Sometimes a little voice in my head tells me: "You're never going to learn, this is all too hard." So I tell that little voice: "Go to hell and eat celery."
At first, a basic 50-minute lesson was too much, but now I can trudge through four hours, just like the average foreign university Chinese-language student does each day. But the older you are, the harder it is.
Brain researchers say learning a new language becomes increasingly difficult after puberty, when the human language organ becomes settled (and sits lazily) in the left part of the brain, which is the cognitive part dealing with logic and language.

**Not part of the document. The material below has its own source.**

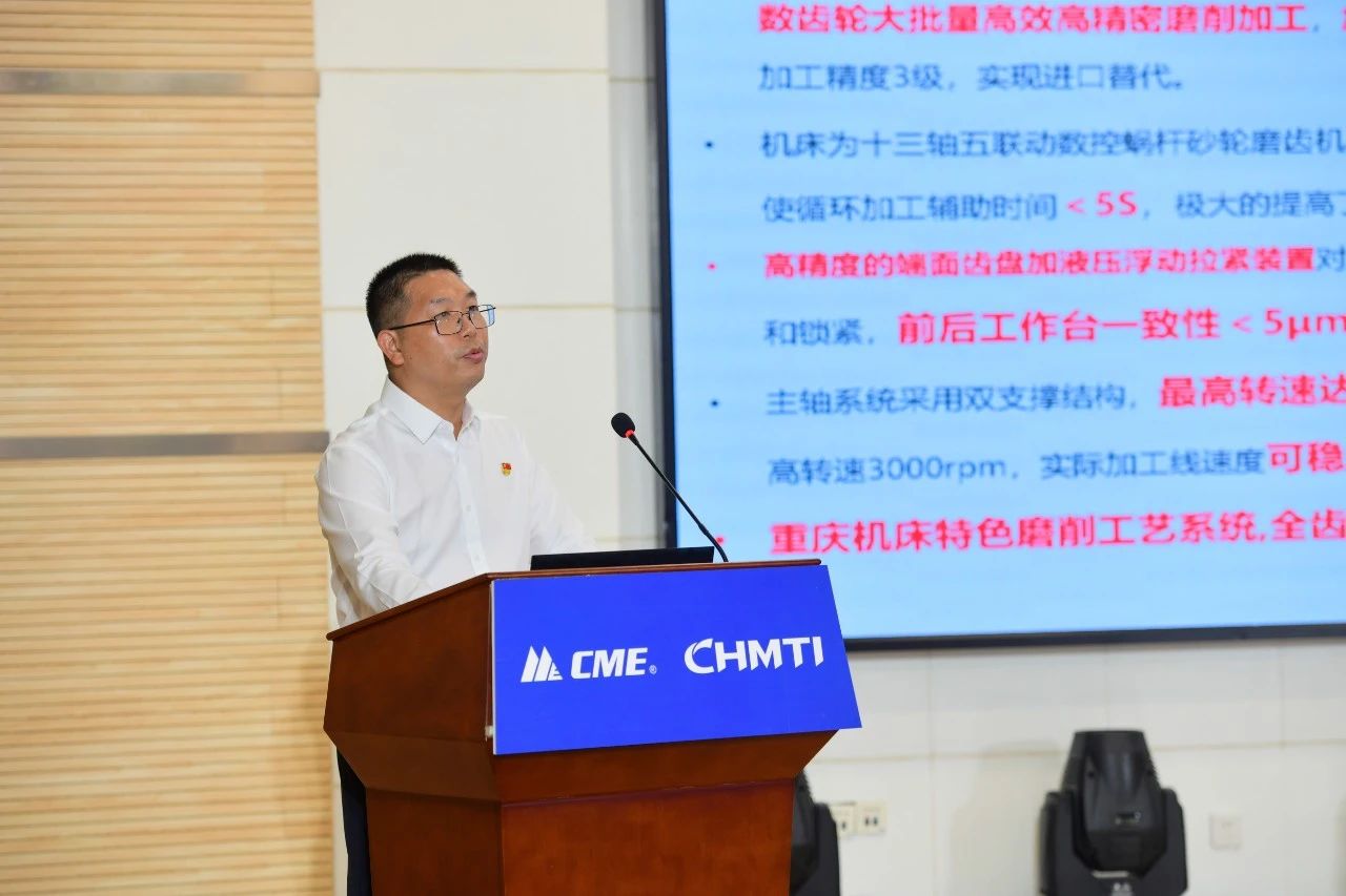 重庆世玛德智能制造有限公司常务副总经理李博,推介了重点新产品——齿轮加工智能柔性生产线。
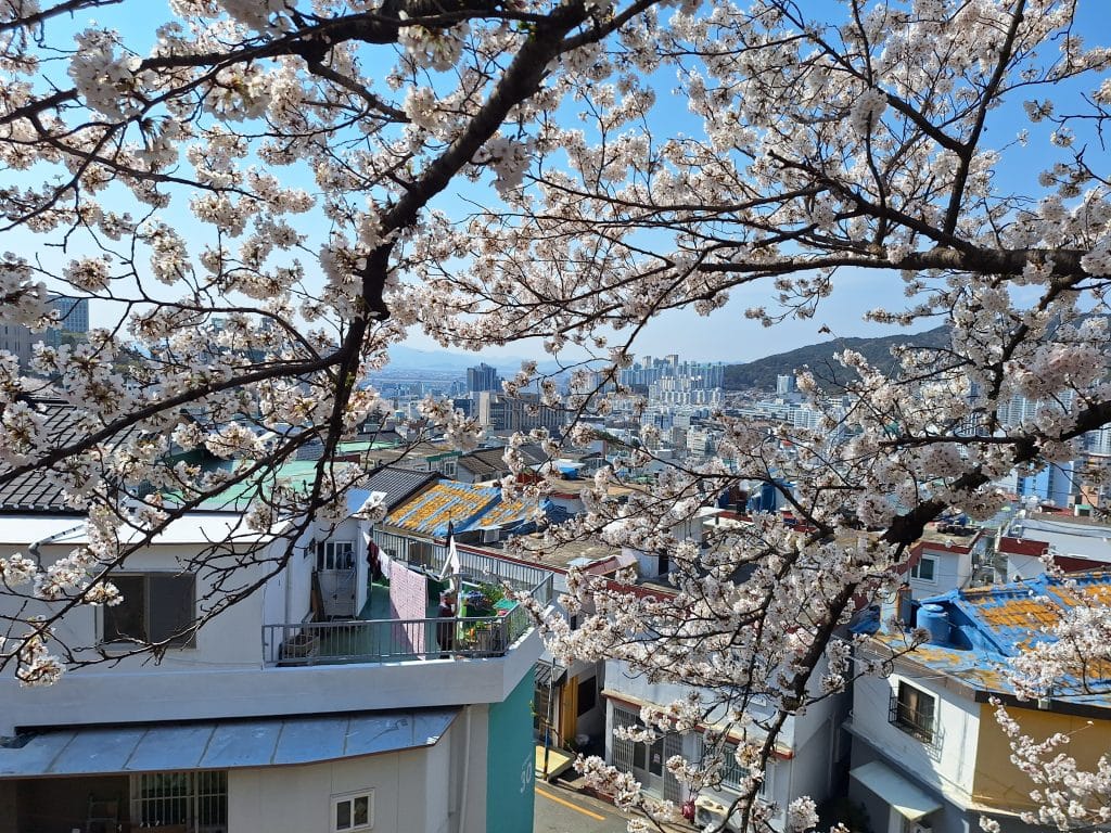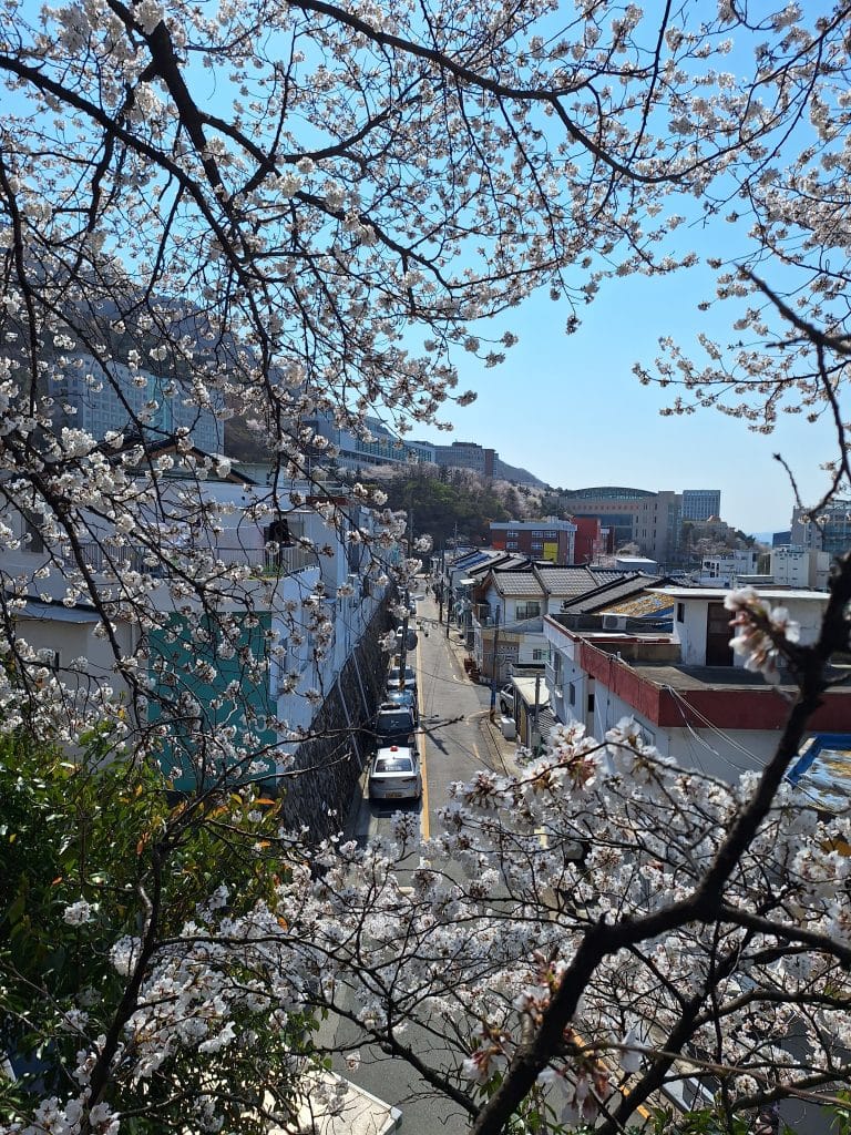 釜山|南川洞櫻花路——建築間粉光白影

Up until puberty, a child uses the right side brain to learn language.
Images, smells, sounds and touch play major roles in the learning process.
Hanyu is a huge project, and I need my whole brain on board so by creating funny sentences, such as the nonsense I told the cabbie, a 42-year-old like me can charge up the right side.
My new picture dictionary is really boosting my right brain involvement.
For example, I look at stick of celery and repeat qin (rising second tone) cai (descending fourth tone). I then close my eyes and envision a juicy, fresh stick of green celery repeating the word.
I relax and feel my brain slotting in the new word and building a new link so my language organ can recall the new word.
My brain is like a subway system, and there is a lot of track work going on up there at the moment.
Using a real piece of celery is even better.
I see its fresh green tone, feel its cool, grooved surface, smell its unique aroma, and hear it snap.
Then I add the shark image and the process makes me laugh, which activates even more memory workers in my brain.
I keep saying qin cai and it is no longer a foreign word in a text book.
Qin cai is celery.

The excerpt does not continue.